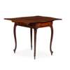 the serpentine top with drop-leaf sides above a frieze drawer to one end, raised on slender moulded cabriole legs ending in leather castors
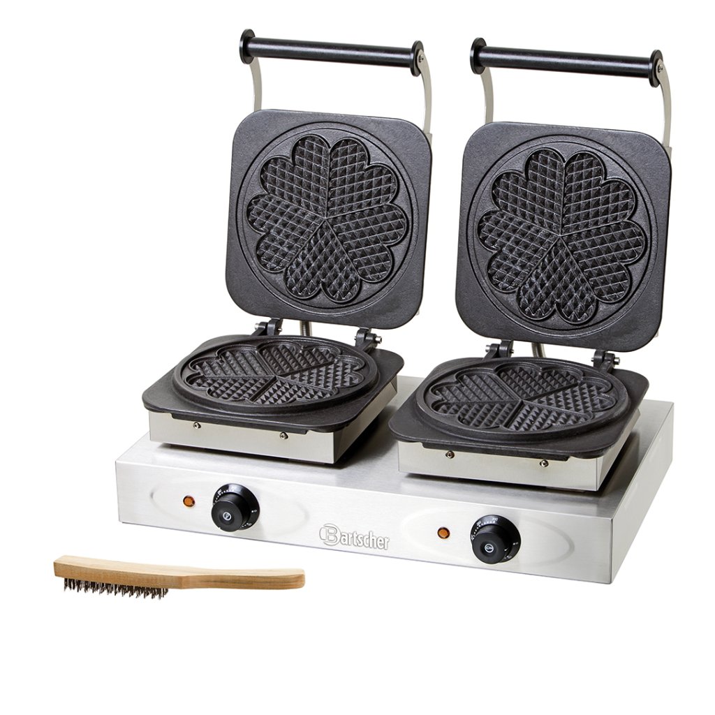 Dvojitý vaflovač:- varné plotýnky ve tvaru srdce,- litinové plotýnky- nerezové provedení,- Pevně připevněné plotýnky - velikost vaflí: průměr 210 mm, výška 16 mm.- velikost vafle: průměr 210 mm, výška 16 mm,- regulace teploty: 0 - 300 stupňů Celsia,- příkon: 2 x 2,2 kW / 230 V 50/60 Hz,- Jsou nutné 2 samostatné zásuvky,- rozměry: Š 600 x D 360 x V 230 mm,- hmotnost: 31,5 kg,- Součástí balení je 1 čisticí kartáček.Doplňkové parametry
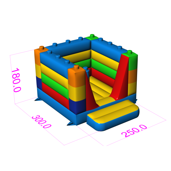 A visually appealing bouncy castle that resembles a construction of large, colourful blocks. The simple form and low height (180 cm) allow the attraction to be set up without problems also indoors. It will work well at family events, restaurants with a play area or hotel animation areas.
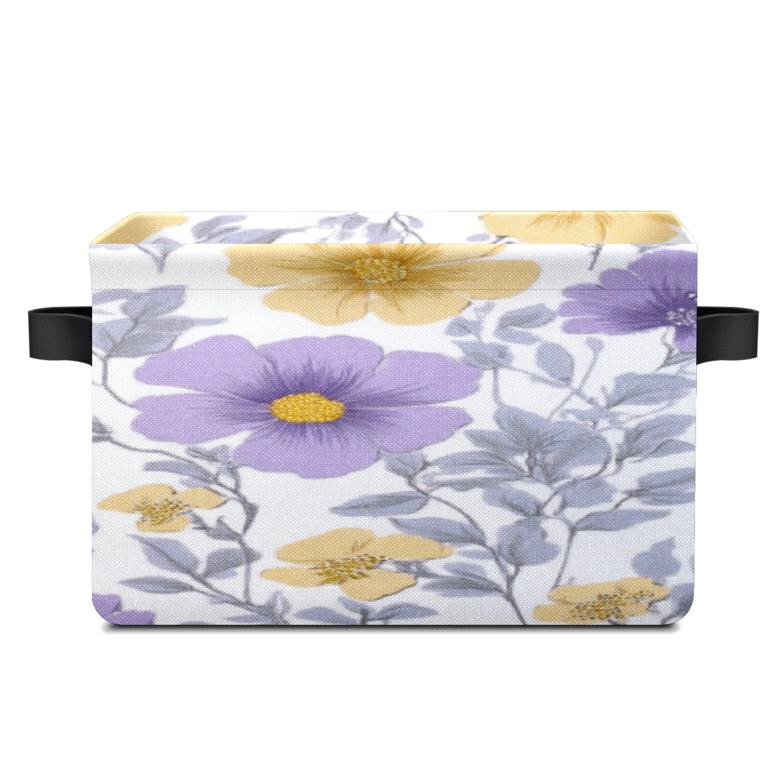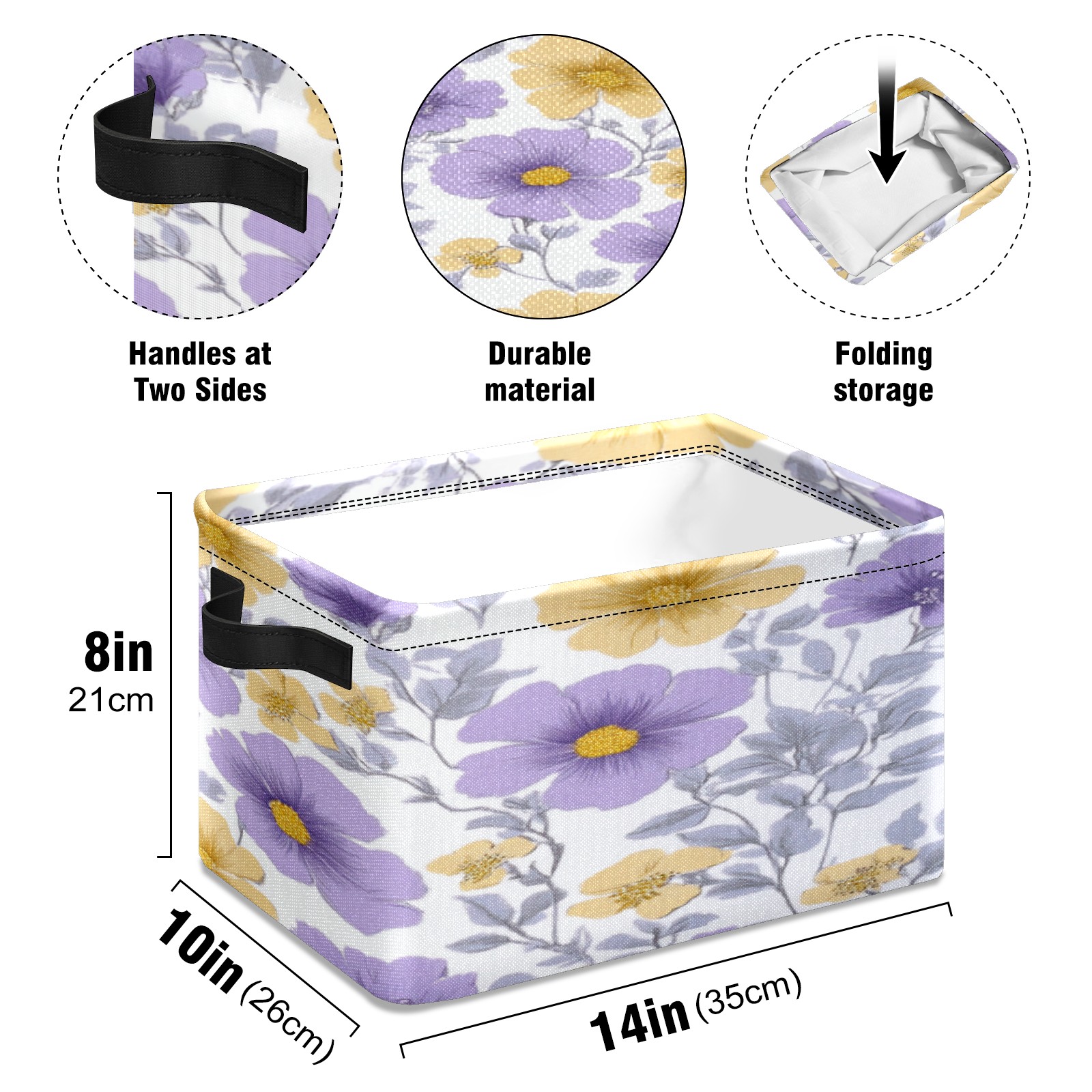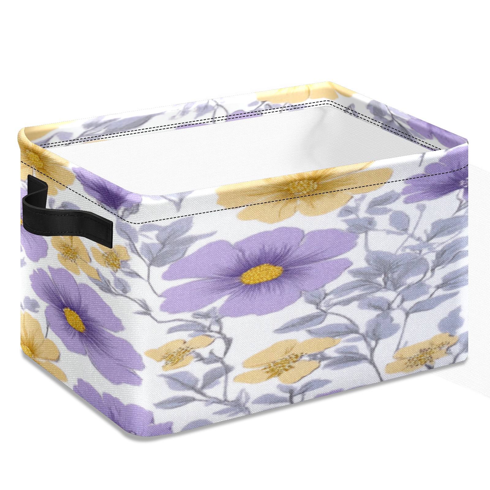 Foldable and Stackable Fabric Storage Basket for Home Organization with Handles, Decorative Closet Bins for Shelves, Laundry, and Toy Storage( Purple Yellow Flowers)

· · · ·

Task to complete. Give the data again exactly, without pictures.

Problem solution.
 the serpentine top with drop-leaf sides above a frieze drawer to one end, raised on slender moulded cabriole legs ending in leather castors
 Dvojitý vaflovač:- varné plotýnky ve tvaru srdce,- litinové plotýnky- nerezové provedení,- Pevně připevněné plotýnky - velikost vaflí: průměr 210 mm, výška 16 mm.- velikost vafle: průměr 210 mm, výška 16 mm,- regulace teploty: 0 - 300 stupňů Celsia,- příkon: 2 x 2,2 kW / 230 V 50/60 Hz,- Jsou nutné 2 samostatné zásuvky,- rozměry: Š 600 x D 360 x V 230 mm,- hmotnost: 31,5 kg,- Součástí balení je 1 čisticí kartáček.Doplňkové parametry
 A visually appealing bouncy castle that resembles a construction of large, colourful blocks. The simple form and low height (180 cm) allow the attraction to be set up without problems also indoors. It will work well at family events, restaurants with a play area or hotel animation areas.
 Foldable and Stackable Fabric Storage Basket for Home Organization with Handles, Decorative Closet Bins for Shelves, Laundry, and Toy Storage( Purple Yellow Flowers)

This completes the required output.